I never got a chance to meet him, but John Austin is one of the true legendary characters of the 1970s. Nicknamed "Tarzan" for reasons that would be obvious to anyone who spent an evening with him, the former Tommy Ivo crewmember also made good behind the wheel, especially in this car, the Greg Scheigert-owned Hot Tuna dragster, shown in the pits at U.S. 131 during the 1973 Pop Hot Rod meet. It was Austin, in this car, who was in other lane when "T.V. Tommy" went upside down in Pomona in 1974. Love not just those wheel pants but the psychedelic 1970s paint scheme.

Before he became a Top Fuel hero and even before he became a national-event-winning Top Alcohol Dragster racer, Joe Amato wheeled this car, the Gabriel Hijacker Monza. Gabriel Hijackers were popular shock absorbers back in the day that could be aired up to raise a car's rake for either performance or looks.

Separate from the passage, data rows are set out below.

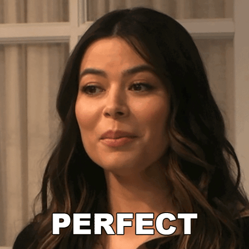 Carly Shay (Miranda Cosgrove) speaks, with the word 'PERFECT' displayed on screen.
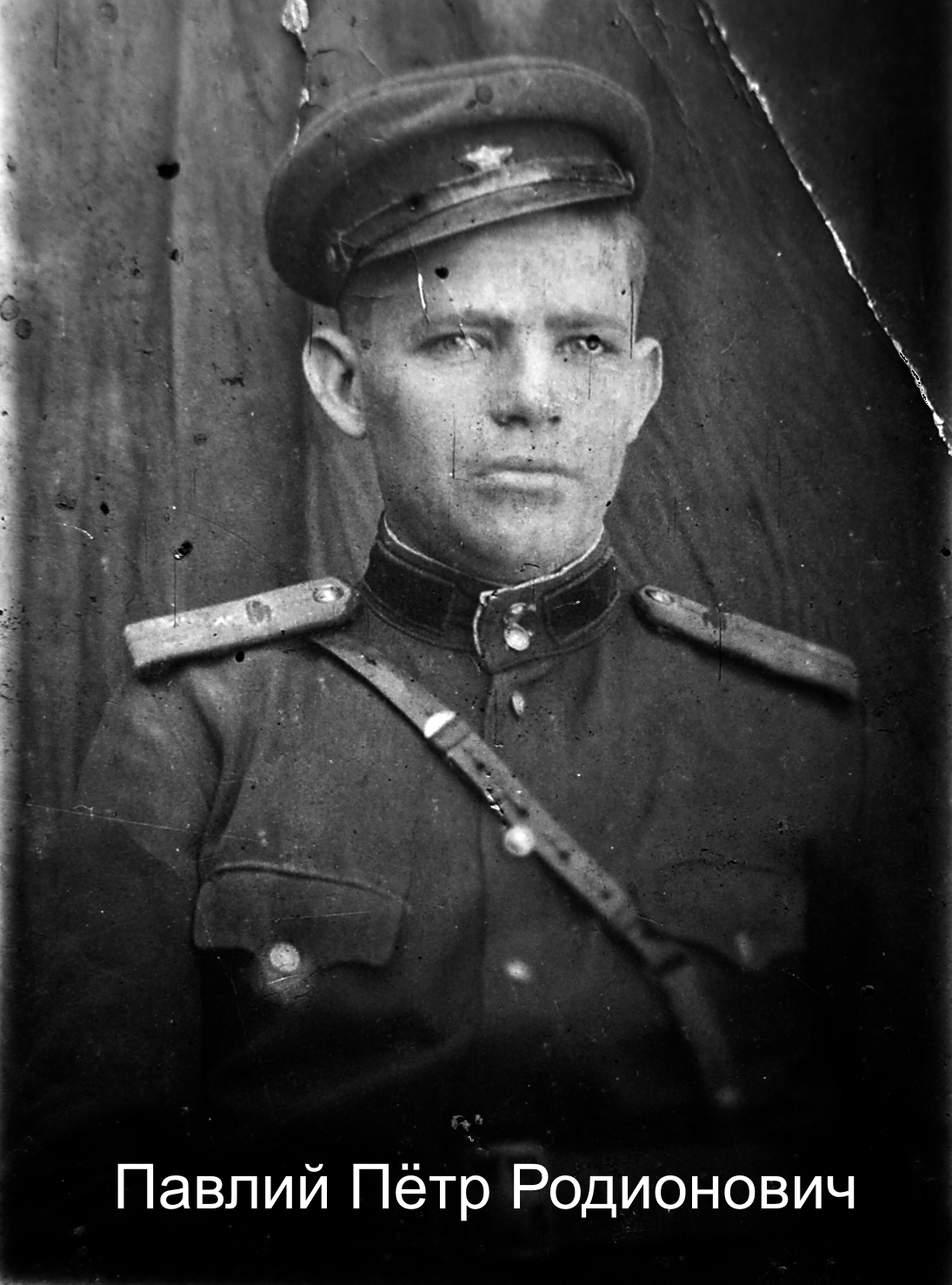 Пётр Родионович принимал участие в штурме так называемой «Голубой линии». Солдат до сих пор вспоминает кубанские плавни, залитые водой окопы, сырость, холод. В июне 1943 года остатки бригады были преобразованы в стрелковый полк и направлены в распоряжение 108 гвардейской дивизии 4-го Украинского фронта. П.Р.Павлий участвовал в боях в районе города Мелитополя.Запомнил он один из эпизодов, произошедших там. Освобождая село Виноградное, был оглушён и потерял сознание, его подразделение отошло на другое направление, а Павлия считали погибшим. Он лежал на окраине села под комбайном, противники его не заметили, а когда пришёл в себя, то понадеялся, что село освобождено.Кругом было тихо, он встал и пошёл по улице села, вдруг услышал немецкую речь и увидел солдата. Быстро скрылся за стеной дома и, пятясь, стал уходить от опасного места, чтобы не попасть в плен. Вскоре в роще услышал стрельбу и русское «ура!». Но под мощным огнём немецких миномётов советские солдаты залегли и не могли подняться в атаку. Павлий, находившийся в тылу немецких солдат, не растерялся, при нём были гранаты. Он быстро подполз к немцам, метнул одну за другой две гранаты и подавил расчёт миномёта. Дорога нашим воинам была открыта, подразделение быстро быстро поднялось и продолжило атаку. Павлия увидел политрук, поблагодарил, описав (в записке) подвиг, передал записку Павлию, чтобы он вручил её своему командиру части, так как Павлий помог военчасти (не той, в составе которой служил, а соседней).За этот подвиг Павлий был награждён медалью «За отвагу». Получил он её только в 1946 году в Либкнехтовском военкомате. А на второй день после этог случая 10 октября 1943 года Павлий был ранен в левое плечо.Третий раз после излечения в госпитале г.Нальчика Пётр попадает на фронт в составе 1-го Украинского фронта 28-й армии и принимает участие в Корсунь-Шевченковской операции.В феврале 1944 году – очередное ранение – в кисть левой руки. Лечение в Железноводском госпитале. В мае 1944 года Пётр Родионович направлен в 21 отдельный танковый полк, располагавшийся в г.Пятигорске. Там он окончил курсы танкистов и со специальностью командира орудия танка Т-34 в четвёртый раз попадает на фронт.12 декабря 1944 года он был зачислен в состав 93-й отдельной Краснознамённой гвардейской Житомирской орденов Б.Хмельницкого и А.Невского танковой бригады 4-й танковой армии, где и был до конца войны. Пётр Павлий принимал участие во взятии Берлина. 9 мая встретил в Праге, куда накануне была спешно переброшена его танковая бригада.За активное участие в боях при взятии Берлина Пётр Родионович был награждён орденом Славы 3-й степени. Вернулся с войны он в ноябре 1945 года. Пётр Павлий также награждён медалями «За взятие Берлина», «За освобождение Праги», а также орденом Отечественной войны 1-й степени.После войны работал в колхозе «Полярная Звезда» агрономом. В 50-е годы Пётр Родионович переезжает в село Казьминское где проработал в должности главного агронома вплоть до ухода на пенсию.За трудовые успехи был награждён орденом «Знак Почёта». Находясь на пенсии, Пётр Родионович являлся постоянным секретарём Совета ветеранов войны и труда с.Казьминского, и всегда активно участвовал в воспитании подрастающего поколения.
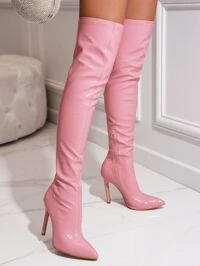 Damskie, szpiczaste, za kolano, obcisłe, rozciągliwe, skórzane kozaki z wysokim obcasem i rozciągliwym zapięciem na suwak z boku, zimowe, jesienne, wysokie buty, idealne do czarnej sukienki, seksowne #2 Bestsellery
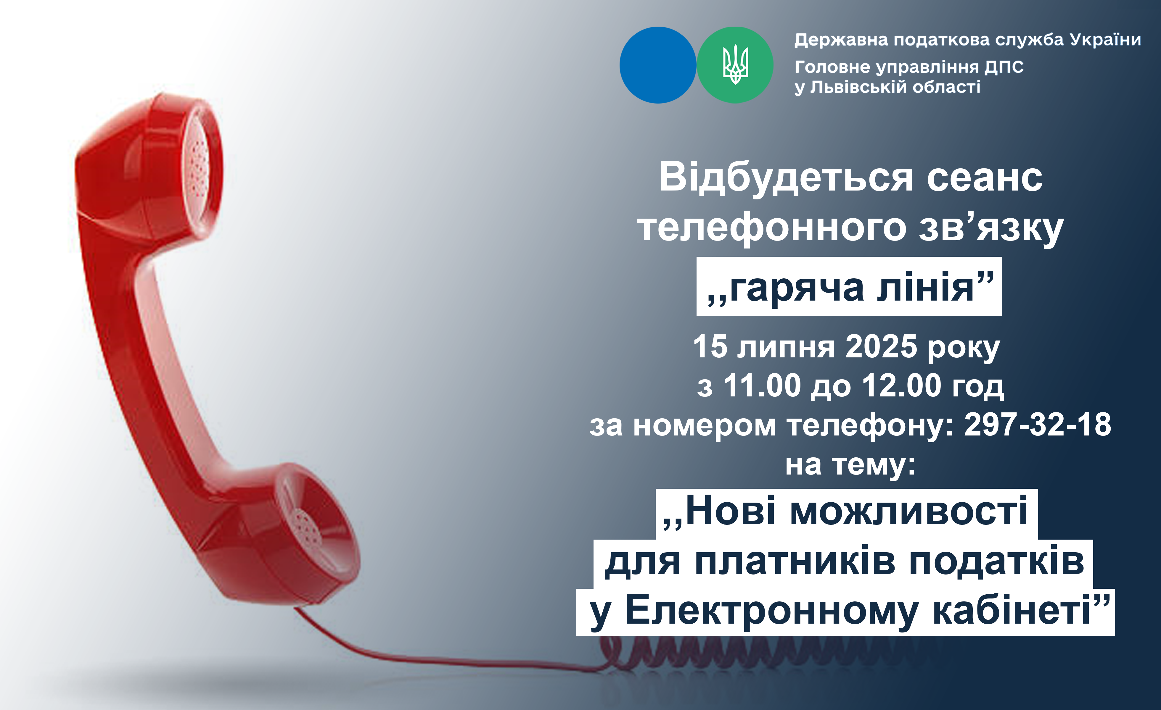 Відбудеться сеанс телефонного зв`язку "гаряча лінія" на тему "Нові можливості для платників податків у Електронному кабінеті"
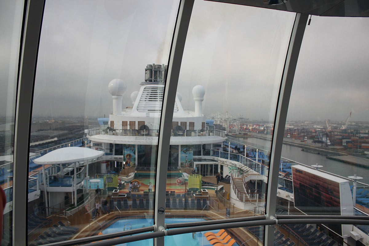 Once the doors close, North Star will begin to ascend, giving you a wide view of your ship as well as the area around you. The North Star pod is attached to a 135 foot arm that can extend up to an 80-degree angle and move around. When the ship is in port, the arm only goes up and down due to local laws and will not move over the side of the ship. While this limits the views somewhat, it does make for quicker ride experiences, which is good if you are waiting in line.
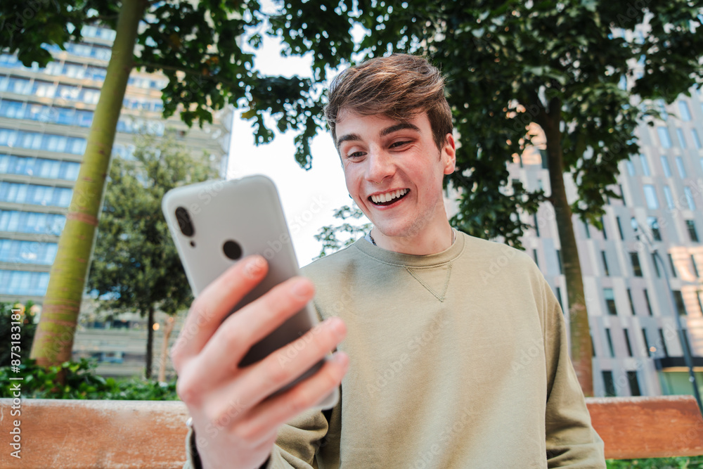 Teenager having fun using a cellphone outside. Carefree guy smiling and browsing on internet with a mobile phone app. Real young man watching and sharing on the social media on a smartphone device
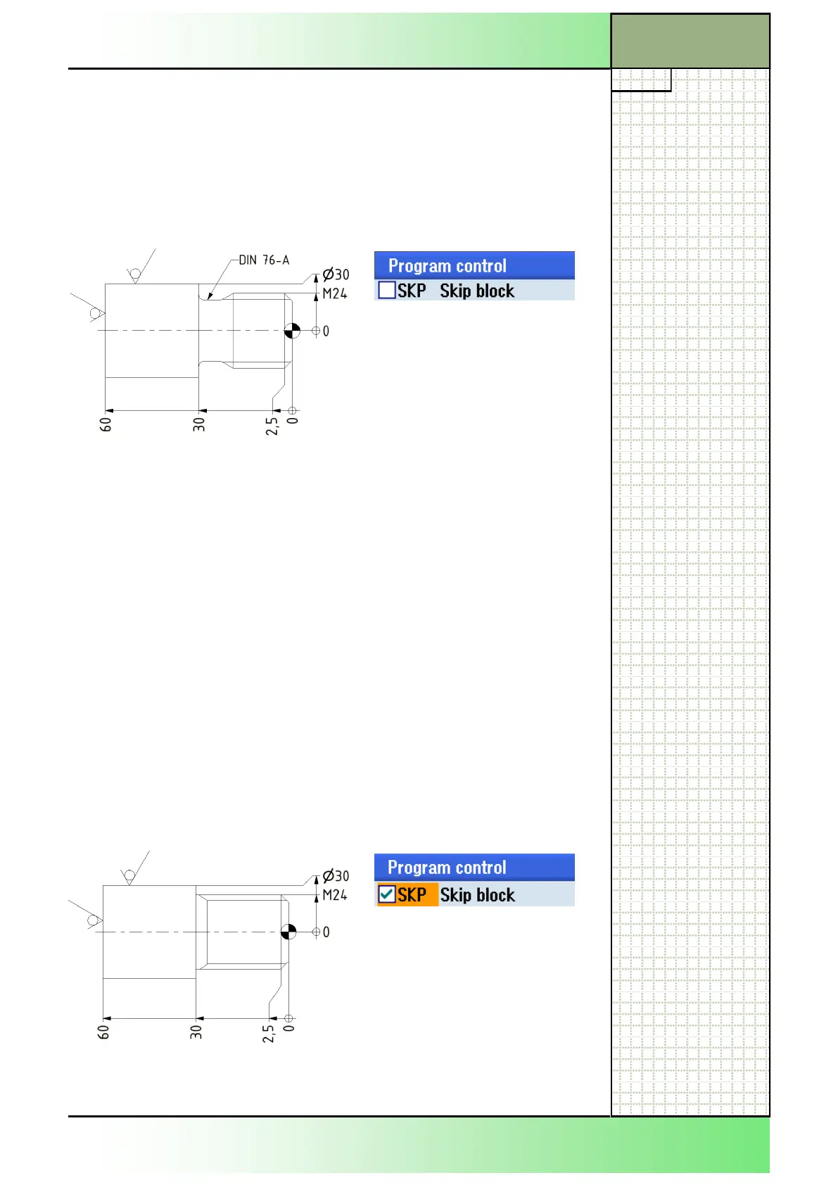 manipulate the machining using the optional block technique.
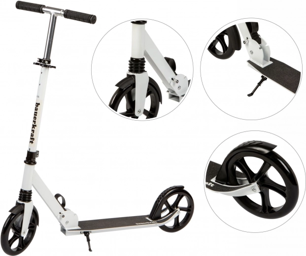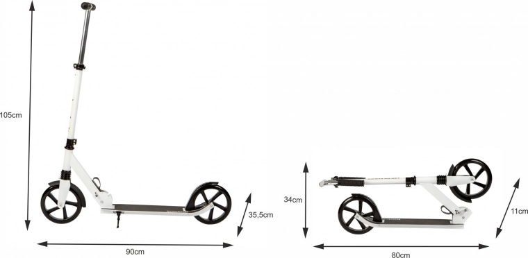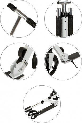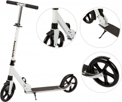 Trottinette urbaine légère et résistante pour enfants et adolescents, avec guidon réglable 95–105 cm, grandes roues 200 mm avec roulements ABEC-7, suspension avant et châssis pliable en aluminium. Pour une conduite sûre, elle dispose d’un frein arrière à pédale, d’un plateau antidérapant et de poignées ergonomiques. Charge maximale 80 kg.
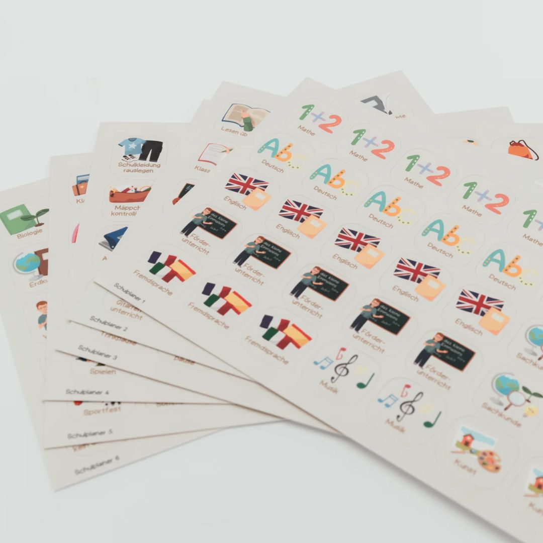 Im Lieferumfang enthalten sind 245 magnetische Symbol-Kärtchen, die typische Aktivitäten aus Schule, Alltag und Freizeit abbilden. Von „Deutsch“ und „Sport“ über „Mittagessen“ bis hin zu „Zähneputzen“ – jedes Kärtchen ist liebevoll illustriert und leicht verständlich, auch für Kinder, die noch nicht lesen können.
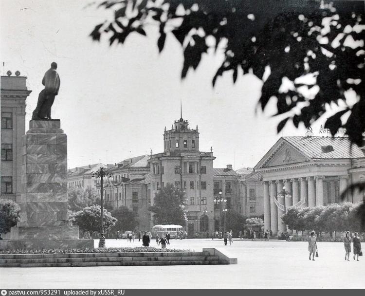 Описание: Площадь Ленина. Вид на памятник Ленину, Драматический театр и дом мясокомбината.

This is Indy 1976. I'm sure glad that Amato got out of Top Alcohol Funny Car because, for a while, there was another Joe Amato in the same class, "Wiskey Joe" Amato out of Chicago, and it got to be kinda confusing during our race reporting. "Wiskey Joe" (not sure why he spelled it that way) died in the early 1980s, in a traffic accident as I recall.

We just lost Lou Sattelmaier earlier this year. A lot of modern-day fans knew him from his line of Sonic Thunder jet Funny Cars, but before that, folks knew him for this great car, a 1932 3-window Model B that he ran in the gas classes throughout the 1970s. The scene is the 1974 U.S. Nationals.

After he gave up driving in Top Fuel, White Bear Lake, Minn.'s Bill Schifsky gave a lot of drivers a chance to drive his Funny Cars throughout the years, including this entry, the Beartown Shaker, which was wheeled by future luminaries such as Mike Dunn and Rick Johnson, pictured, in 1979, as well as Topper Kramer and Glenn Mikres. Doc Halladay once also was Schifksy's partner (on the Cox Pinto, which was made into a great nitro-powered scale dragster toy); Schifksy's son, Chuck, also went on to great things. He was part of a power trio of young wrenches — along with future tuning star Mike Green – working under Lee Beard on Gary Orsmby's championship-winning Castrol GTX Top Fueler and later went into the journalism field (in which he rose to the lofty position of executive editor at highly regarded Motor Trend) and today is a regional director of public relations for American Honda.

OK, that's it for this edition of Fan Fotos. I'll be back later this week after we finish the current issue and its very special subject matter. I hinted at it last week but couldn’t reveal it until all of the pieces were in place, but it's another special themed issue, like our recent Top 10 Lists installment, called Most Intriguing People. The staff looked around the NHRA landscape, and we picked eight subjects whose interests both in and out of drag racing make them very intriguing candidates. I'll reveal them later this week and a little insight into each. How many can you guess?